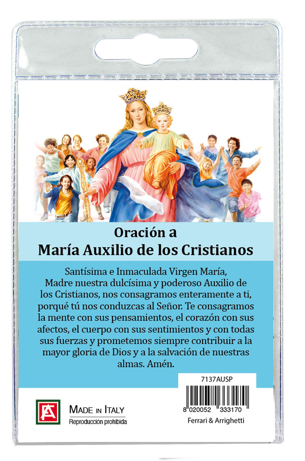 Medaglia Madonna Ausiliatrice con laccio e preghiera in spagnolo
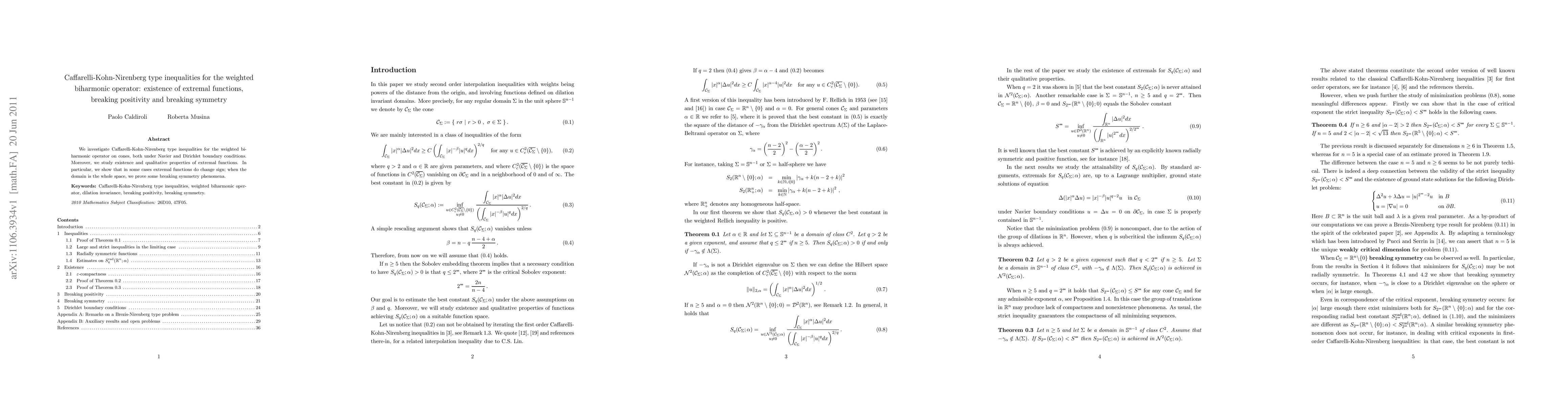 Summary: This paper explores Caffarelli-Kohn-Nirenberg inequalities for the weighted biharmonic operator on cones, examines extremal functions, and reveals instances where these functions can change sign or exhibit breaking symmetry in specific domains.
──────────
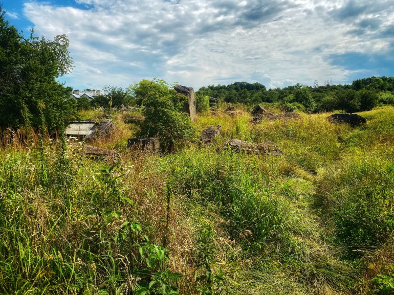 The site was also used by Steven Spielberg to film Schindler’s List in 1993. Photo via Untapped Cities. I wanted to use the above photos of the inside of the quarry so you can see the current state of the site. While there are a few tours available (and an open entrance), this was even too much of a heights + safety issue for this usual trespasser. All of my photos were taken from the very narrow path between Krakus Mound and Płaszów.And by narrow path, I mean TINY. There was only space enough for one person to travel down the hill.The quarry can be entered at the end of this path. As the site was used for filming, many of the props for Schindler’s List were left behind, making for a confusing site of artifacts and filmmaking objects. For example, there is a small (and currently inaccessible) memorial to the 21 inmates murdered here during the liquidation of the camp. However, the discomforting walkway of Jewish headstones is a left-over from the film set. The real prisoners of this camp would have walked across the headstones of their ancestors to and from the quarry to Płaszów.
──────────
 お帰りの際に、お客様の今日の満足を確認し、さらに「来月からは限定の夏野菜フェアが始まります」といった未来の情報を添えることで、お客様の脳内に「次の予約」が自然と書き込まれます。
──────────
Above are some records; extract exactly the lines from the one containing "Medaglia Madonna Ausiliatrice" through the one containing "Summary: This paper" and drop the pictures.

 Medaglia Madonna Ausiliatrice con laccio e preghiera in spagnolo
 Summary: This paper explores Caffarelli-Kohn-Nirenberg inequalities for the weighted biharmonic operator on cones, examines extremal functions, and reveals instances where these functions can change sign or exhibit breaking symmetry in specific domains.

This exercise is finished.